● Exercise directions
Using only the entries below, output the lines starting at the one containing "Tonurile discrete de" and ending at the one containing "リングトップがアクセントにな", exactly and inclusive of both, omitting the pictures.

● Exercise material
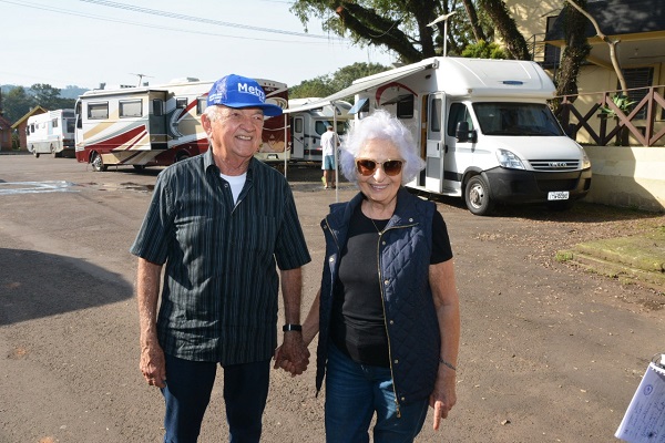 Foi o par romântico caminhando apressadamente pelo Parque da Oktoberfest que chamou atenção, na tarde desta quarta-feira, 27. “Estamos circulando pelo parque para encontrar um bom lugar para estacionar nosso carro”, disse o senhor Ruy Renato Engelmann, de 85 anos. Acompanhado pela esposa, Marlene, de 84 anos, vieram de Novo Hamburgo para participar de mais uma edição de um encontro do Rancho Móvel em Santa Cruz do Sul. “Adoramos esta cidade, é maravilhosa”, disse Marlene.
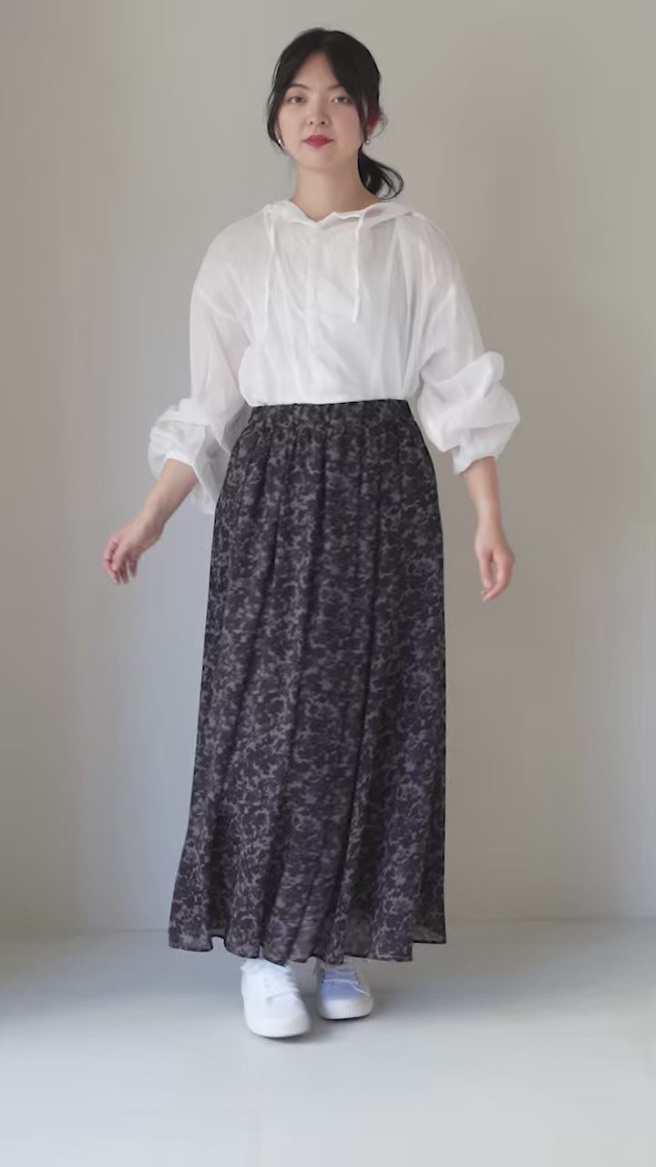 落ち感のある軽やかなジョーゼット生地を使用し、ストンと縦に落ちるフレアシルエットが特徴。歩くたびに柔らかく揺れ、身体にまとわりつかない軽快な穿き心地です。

...

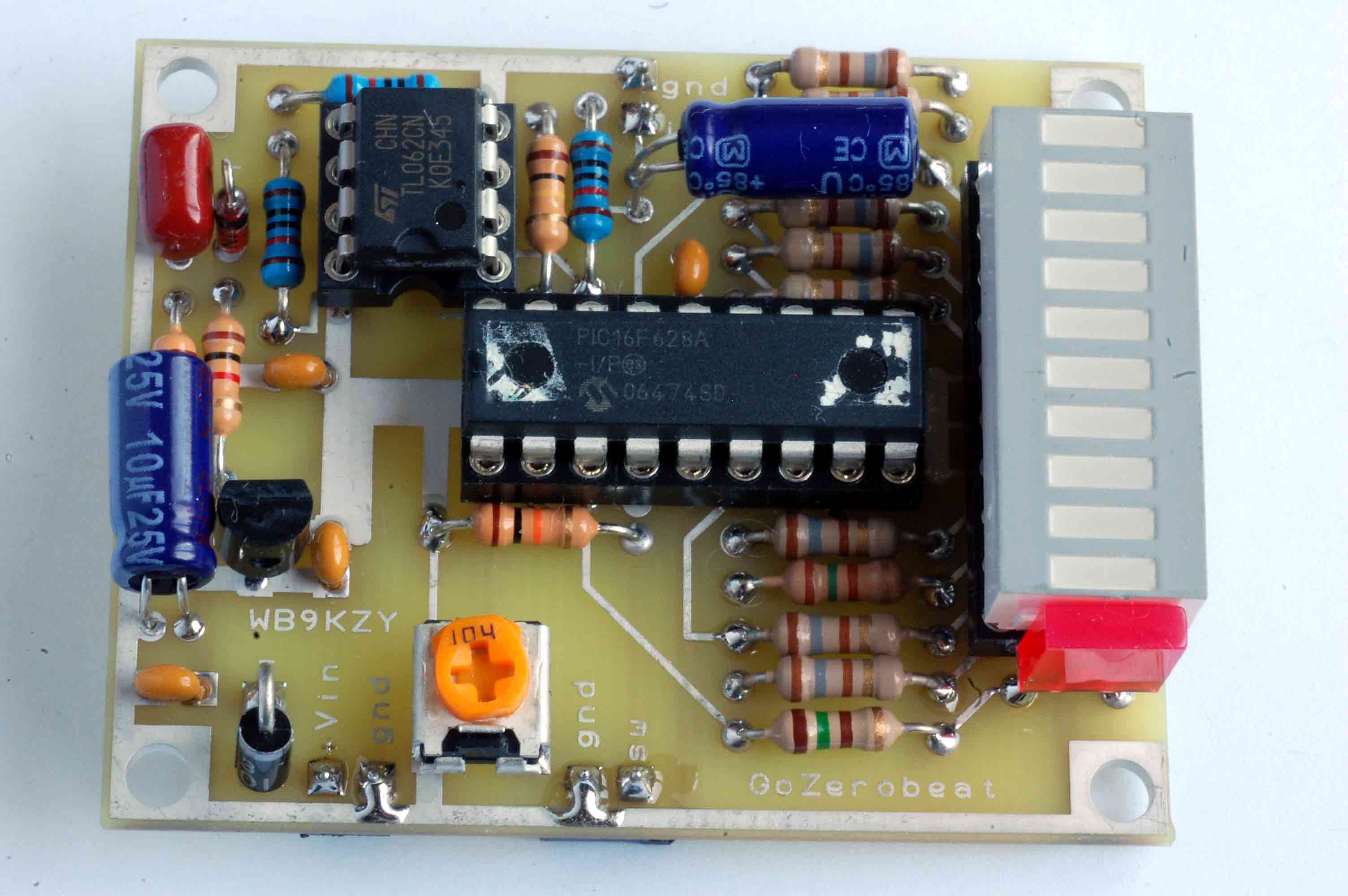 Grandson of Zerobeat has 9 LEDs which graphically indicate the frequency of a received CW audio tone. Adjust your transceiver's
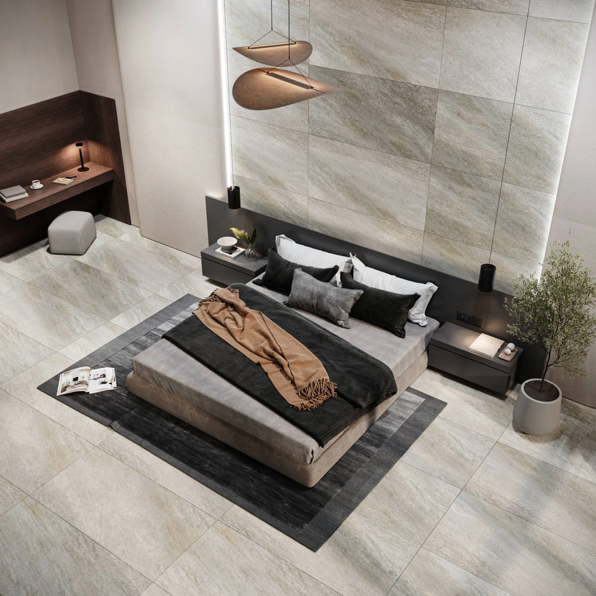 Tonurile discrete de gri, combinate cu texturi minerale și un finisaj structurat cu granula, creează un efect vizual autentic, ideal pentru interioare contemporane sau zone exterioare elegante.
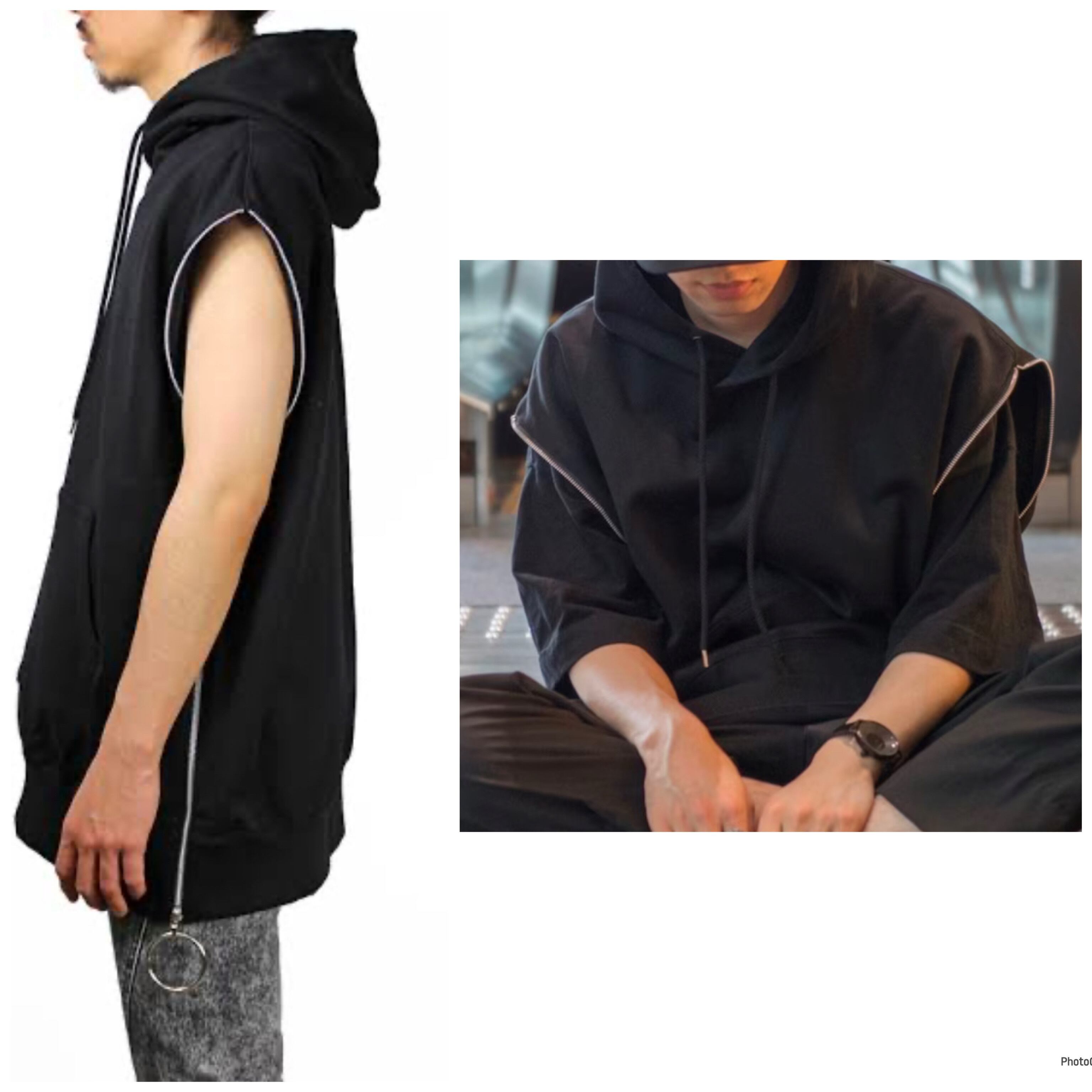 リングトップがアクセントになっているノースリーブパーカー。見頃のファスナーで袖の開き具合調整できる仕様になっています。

--

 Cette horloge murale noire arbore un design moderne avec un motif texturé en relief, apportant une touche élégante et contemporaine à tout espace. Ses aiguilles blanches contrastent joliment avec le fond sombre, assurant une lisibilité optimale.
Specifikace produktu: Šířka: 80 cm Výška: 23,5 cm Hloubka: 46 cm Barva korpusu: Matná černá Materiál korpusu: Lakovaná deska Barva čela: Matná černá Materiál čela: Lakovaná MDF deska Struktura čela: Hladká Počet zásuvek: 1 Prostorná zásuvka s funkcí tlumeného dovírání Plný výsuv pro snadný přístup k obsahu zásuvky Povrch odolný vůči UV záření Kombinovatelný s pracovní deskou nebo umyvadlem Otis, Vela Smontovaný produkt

● Worked solution
 Tonurile discrete de gri, combinate cu texturi minerale și un finisaj structurat cu granula, creează un efect vizual autentic, ideal pentru interioare contemporane sau zone exterioare elegante.
 リングトップがアクセントになっているノースリーブパーカー。見頃のファスナーで袖の開き具合調整できる仕様になっています。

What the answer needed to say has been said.